Let $S\subseteq\mathbb R^n$ be a arbitrary set, $0\le r\le\infty$.
For $r<\infty$, call a function $f:S\to\mathbb R$ is $C^r$, if there are continuous functions $\{f_\alpha:S\to\mathbb R\}_{0\le|\alpha|\le r}$ such that $f(x+h)=\sum_{0\le|\alpha|\le r}f_\alpha(x)h^\alpha+o(|h|^r)$ holds for all $x\in S$.
Say $f$ is $C^\infty$, if $f$ is $C^r$ for all finite $r$.
If $f:S\to\mathbb R$ is such a $C^r$ function, can we find a $G_\delta$ set contain $S$ such that $f$ has a $C^r$ extension on the open set?
I edit the question from open set to $G_\delta$ set, I hope it might work...

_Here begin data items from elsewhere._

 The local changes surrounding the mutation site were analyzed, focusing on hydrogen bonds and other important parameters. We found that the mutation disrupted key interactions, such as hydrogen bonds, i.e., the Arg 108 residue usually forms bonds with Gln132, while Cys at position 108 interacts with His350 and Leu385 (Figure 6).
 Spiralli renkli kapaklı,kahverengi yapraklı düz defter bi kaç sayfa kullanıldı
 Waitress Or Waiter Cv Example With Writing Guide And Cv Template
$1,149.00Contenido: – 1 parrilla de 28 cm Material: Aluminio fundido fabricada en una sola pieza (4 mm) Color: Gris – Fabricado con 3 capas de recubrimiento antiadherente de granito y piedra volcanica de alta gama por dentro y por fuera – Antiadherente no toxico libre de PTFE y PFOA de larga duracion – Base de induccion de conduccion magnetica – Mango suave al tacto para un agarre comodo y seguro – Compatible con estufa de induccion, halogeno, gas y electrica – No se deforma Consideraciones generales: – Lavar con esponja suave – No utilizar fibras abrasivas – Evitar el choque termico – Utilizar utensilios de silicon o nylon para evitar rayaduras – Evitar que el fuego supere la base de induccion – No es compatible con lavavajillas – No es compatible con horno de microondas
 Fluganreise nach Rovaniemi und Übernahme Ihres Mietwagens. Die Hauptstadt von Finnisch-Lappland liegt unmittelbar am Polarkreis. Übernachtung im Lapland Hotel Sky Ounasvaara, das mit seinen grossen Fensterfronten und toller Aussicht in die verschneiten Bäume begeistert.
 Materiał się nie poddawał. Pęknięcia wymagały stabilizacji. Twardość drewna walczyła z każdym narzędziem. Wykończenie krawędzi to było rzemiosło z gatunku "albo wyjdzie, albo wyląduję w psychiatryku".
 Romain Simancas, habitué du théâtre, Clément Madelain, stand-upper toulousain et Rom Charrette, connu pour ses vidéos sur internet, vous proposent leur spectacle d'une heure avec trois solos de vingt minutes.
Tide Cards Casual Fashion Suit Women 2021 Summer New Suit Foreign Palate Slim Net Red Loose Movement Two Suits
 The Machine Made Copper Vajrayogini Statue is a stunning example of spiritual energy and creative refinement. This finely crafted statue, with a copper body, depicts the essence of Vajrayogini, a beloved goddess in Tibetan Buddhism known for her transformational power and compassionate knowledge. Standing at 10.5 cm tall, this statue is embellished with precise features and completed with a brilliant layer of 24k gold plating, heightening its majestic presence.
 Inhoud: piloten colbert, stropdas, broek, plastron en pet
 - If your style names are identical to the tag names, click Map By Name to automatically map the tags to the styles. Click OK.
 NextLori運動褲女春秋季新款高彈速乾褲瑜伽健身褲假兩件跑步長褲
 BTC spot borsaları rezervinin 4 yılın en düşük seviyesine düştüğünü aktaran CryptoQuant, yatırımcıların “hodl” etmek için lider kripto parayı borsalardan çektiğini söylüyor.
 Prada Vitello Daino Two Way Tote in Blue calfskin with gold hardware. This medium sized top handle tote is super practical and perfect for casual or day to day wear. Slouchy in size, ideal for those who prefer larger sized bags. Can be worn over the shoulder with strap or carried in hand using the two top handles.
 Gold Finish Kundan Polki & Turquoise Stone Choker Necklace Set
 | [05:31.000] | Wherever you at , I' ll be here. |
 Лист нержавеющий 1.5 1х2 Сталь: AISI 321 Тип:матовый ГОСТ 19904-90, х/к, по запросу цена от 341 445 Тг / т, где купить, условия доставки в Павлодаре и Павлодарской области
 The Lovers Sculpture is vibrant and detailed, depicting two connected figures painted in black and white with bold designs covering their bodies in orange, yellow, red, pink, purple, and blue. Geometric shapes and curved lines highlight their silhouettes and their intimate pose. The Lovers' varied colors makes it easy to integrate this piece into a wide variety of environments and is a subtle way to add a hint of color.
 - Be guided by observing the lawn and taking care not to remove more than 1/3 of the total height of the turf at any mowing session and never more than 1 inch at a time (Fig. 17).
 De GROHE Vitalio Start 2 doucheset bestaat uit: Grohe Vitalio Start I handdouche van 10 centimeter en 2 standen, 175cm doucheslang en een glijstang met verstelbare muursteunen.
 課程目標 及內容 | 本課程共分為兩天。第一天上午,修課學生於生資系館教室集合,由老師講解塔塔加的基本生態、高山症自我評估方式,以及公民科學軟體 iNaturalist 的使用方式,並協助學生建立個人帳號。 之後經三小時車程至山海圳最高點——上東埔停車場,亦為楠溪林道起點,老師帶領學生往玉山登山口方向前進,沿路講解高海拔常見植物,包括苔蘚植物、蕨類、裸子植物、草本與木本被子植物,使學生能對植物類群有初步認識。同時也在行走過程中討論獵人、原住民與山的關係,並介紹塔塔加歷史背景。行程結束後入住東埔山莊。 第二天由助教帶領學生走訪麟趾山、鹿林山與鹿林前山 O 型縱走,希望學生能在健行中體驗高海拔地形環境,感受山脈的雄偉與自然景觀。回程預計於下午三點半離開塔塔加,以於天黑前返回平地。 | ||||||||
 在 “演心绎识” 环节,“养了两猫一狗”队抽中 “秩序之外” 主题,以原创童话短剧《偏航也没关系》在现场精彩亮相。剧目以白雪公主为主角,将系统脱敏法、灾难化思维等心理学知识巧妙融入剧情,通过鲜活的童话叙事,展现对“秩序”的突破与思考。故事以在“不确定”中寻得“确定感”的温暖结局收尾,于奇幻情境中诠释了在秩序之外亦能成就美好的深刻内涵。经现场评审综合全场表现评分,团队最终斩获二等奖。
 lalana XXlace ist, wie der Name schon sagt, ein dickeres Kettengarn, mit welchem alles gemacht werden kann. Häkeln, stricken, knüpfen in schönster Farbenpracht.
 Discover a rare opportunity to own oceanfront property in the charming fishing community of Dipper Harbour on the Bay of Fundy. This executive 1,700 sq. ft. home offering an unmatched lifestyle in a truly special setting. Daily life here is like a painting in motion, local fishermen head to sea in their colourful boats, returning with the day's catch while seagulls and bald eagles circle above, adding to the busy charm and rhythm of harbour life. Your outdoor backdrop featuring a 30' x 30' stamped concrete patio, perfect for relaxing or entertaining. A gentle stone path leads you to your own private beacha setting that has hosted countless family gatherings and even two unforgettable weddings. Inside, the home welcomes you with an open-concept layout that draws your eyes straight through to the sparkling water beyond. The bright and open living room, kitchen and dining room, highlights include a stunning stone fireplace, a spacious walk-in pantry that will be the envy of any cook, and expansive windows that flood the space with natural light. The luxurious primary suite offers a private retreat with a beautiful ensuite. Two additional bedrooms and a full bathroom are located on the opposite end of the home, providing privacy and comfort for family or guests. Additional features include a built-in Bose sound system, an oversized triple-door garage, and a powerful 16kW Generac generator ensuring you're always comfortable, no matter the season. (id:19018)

Suppose that the closure of $S$ has non-empty interior $V$. If $f$ is continuous on the set $S\cap V$ then it has a continuous extension to a $G_\delta$ set in the closure of $S\cap V$ (countable intersection of open dense set). Conversely, given a $G_\delta$ dense set $\Omega$ in Euclidean space you may construct a continuous function on $\Omega$ that admits no continuous extension. For example, a function $f$ defined and continuous on the irrationals admitting no continuous extension to a rational.
For higher order derivatives with your (slightly unusual) definition, I suspect the conclusion is the same.